Es la última reencarnación que estamos juntos, nosotros que
hemos estado juntos todos estos siglos. Quisiera que estuvieran en esta iglesia
todos aquellos que viéndome no me reconocieron para decirles que pensaran en
aquella persona a quien más quisieran en esta vida, que lo imaginaran frente a
frente en una calle sola, y que al cruzar camino esa persona ni siquiera
advierta su presencia, no sólo que pase y no le importe el otro que pasa, sino
que ni siquiera se de cuenta de que ese alguien, que eso otro, pasó. Quisiera
decirles que nada choque es casual, que hasta el extraño que en la calle os
causa risa lastimosa es en su vida importante, es ése que debió hacer estallar
la bomba de su corazón, es la mecha que transforma la lástima y desprecio en
compasión, que ese que odiaron alguna vez era el bienamado que pondría punto
inicial al vuelo del alma al ser el detonador que vuelve, de una buena vez el
odio en amoroso perdón, en conciencia pura. La gente cree sólo en las bodas
eternas, en los amigos para siempre, sin pensar que una boda es para siempre,
pero el siempre puede durar un segundo de éxtasis o de guerra, y la amistad
puede ser perpetua, pero la perpetuidad puede medirse bajo la duración misma de
una mirada profunda.

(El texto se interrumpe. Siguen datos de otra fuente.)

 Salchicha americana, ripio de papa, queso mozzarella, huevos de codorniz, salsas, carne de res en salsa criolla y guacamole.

Si supieran que la ciudad entera es parte de ustedes y que
sólo es desconocido aquél a quien no han visto nunca, entonces me entenderían.

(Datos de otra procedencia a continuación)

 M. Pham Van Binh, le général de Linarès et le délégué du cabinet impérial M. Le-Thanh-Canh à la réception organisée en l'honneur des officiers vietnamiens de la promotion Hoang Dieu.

Quiero contarles algunas cosas de vidas pasadas. La vez
anterior, hace ya dos siglos, entraron a nuestro templo extraños con la
intención de robar el cáliz y demás artículos de nuestro templo, salí
diciéndoles que tomaran lo que quisieran, pues los artículos no son nada frente
al espíritu, y uno de los maleantes tomó una espada y la enterró en mi pecho. De
nada valió mi intuición, pues había recibido fuertes señales de mis maestros que
me indicaban que ese proceso de una muerte lenta y agónica era algo que tenía
que padecer, pues tenía pendiente por pagar un crimen lejano. Me avine a lo que
me dijeron y sólo me restó ver que el bandido, ciego de ira se me acercó espada
en mano y sin escuchar absolutamente nada me dio un tajo en el pecho. El dolor
fue muy intenso. Pero más doloroso que el tajo fue saber que me marcharía de
ustedes y ninguno había siquiera tomado en serio el camino de la luz.

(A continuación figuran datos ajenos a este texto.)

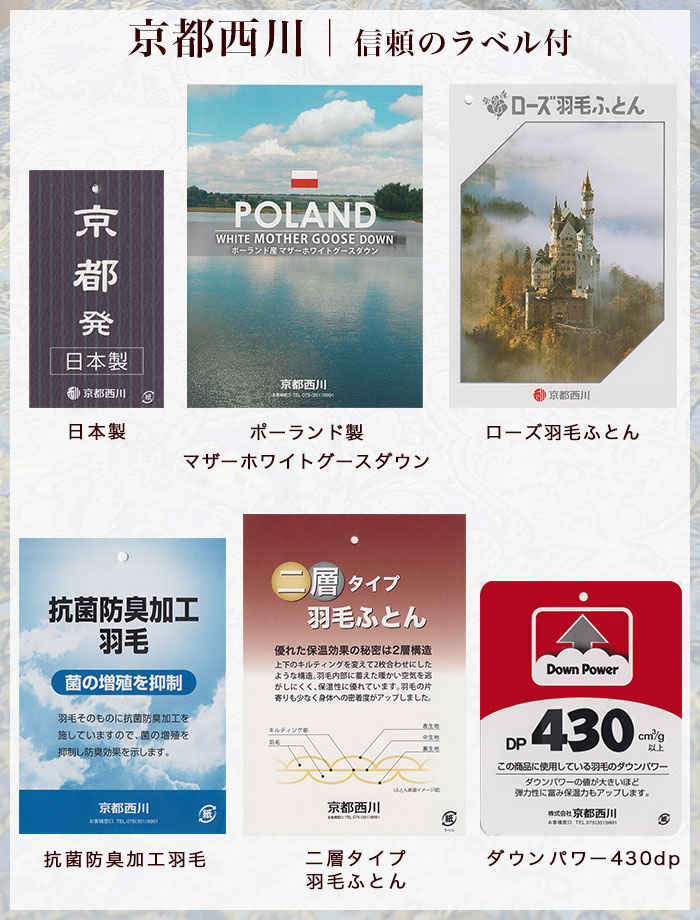 優れたかさ高性を持ち、保温性、弾力性に富んだ 高品質のポーランド産ホワイトマザーグースダウンを使用した、京都西川の高級羽毛掛布団です。

Paralicé mi cuerpo y mi hemorragia con meditación, esperando
que llegaran, pues quería verles y decirles un adiós que les incitara al trabajo
interno. Uno a uno, cada cual de ustedes fue llegando y encontrándose con mi
cuerpo tendido, ya sin esperanzas de sobrevivir, envuelto en sangre, imaginen
eso, ustedes que tantas veces habían besado mi cuerpo, que lo habían amado, que
habían disfrutado lo que esa garganta las decía, que habían admirado mi
fortaleza, que habían temido mi mirada, que habían respirado mi perfume, me
miraron sintiendo una humana lástima, aspirando el perfume que desprende la
sangre seca.



A petición mía no se llamaron médicos, nada podían hacer para
sanar mi destino. Las mujeres lloraron y me tomaban del cabello, largo en ese
entonces, los hombres me sujetaban los puños solidarios. Mi voz, antes fuerte y
lírica, tocada del espíritu eterno, se vio de repente desolada al dar paso a la
voz de mi cuerpo, débil pequeña, lejana, una voz que no llega al corazón sino
sólo a los oídos. Sin embargo lo que les dije fue profundo: "Ámense, ámense
profundamente y hagan del camino placentero. Las técnicas de ejercicio del alma
ya lo conocen, hagan alquimia, hagan oración, no dejen entrar la angustia, nada
es susceptible de generarnos angustia"



Después mi alma comenzó a abandonar mi cuerpo, que es el
momento más grave pues el espíritu es lo primero en marcharse, luego la
vitalidad que no sabe de eternidades ni de regresos en vidas futuras y teme, y
externa su temor. Vieron entonces mi cuerpo llorar, gritar, abrazarse de sus
cuerpos rogando que no me dejaran morir, pero ya estaba muerto, mientras ustedes
también lloraban y decían cosas como "no te dejaremos" y cosas así, pero en vano
lloraban y sufrían, pues yo mismo ya estaba mirando mi cuerpo en sus últimas
manifestaciones. Después le vi caer a uno de los cuerpos más bellos que me había
tocado ocupar, fuerte, hermoso, noble, capaz de generar amor a simple vista,
portentoso, y en ese momento era un cuerpo muerto, más que materia. Sentí
nostalgia de ese cuerpo y en espíritu descendí para tocar su cabello y boca una
vez más. Tocándolo roce a algunos de ustedes y asustados proclamaban mi
presencia. Les miré e los ojos, tristes, intensos, hinchados, fueron vuestros
ojos los que vi. Fui a sujetarme a las leyes del cosmos hasta que luego volví a
nacer, y a vagar de nuevo.



Por eso cuando les vi en la calle y fijamente observé su
mirada, sus ojos reconocieron en los míos un gesto familiar, y era que nuestros
espíritus se reconocían después de larga espera.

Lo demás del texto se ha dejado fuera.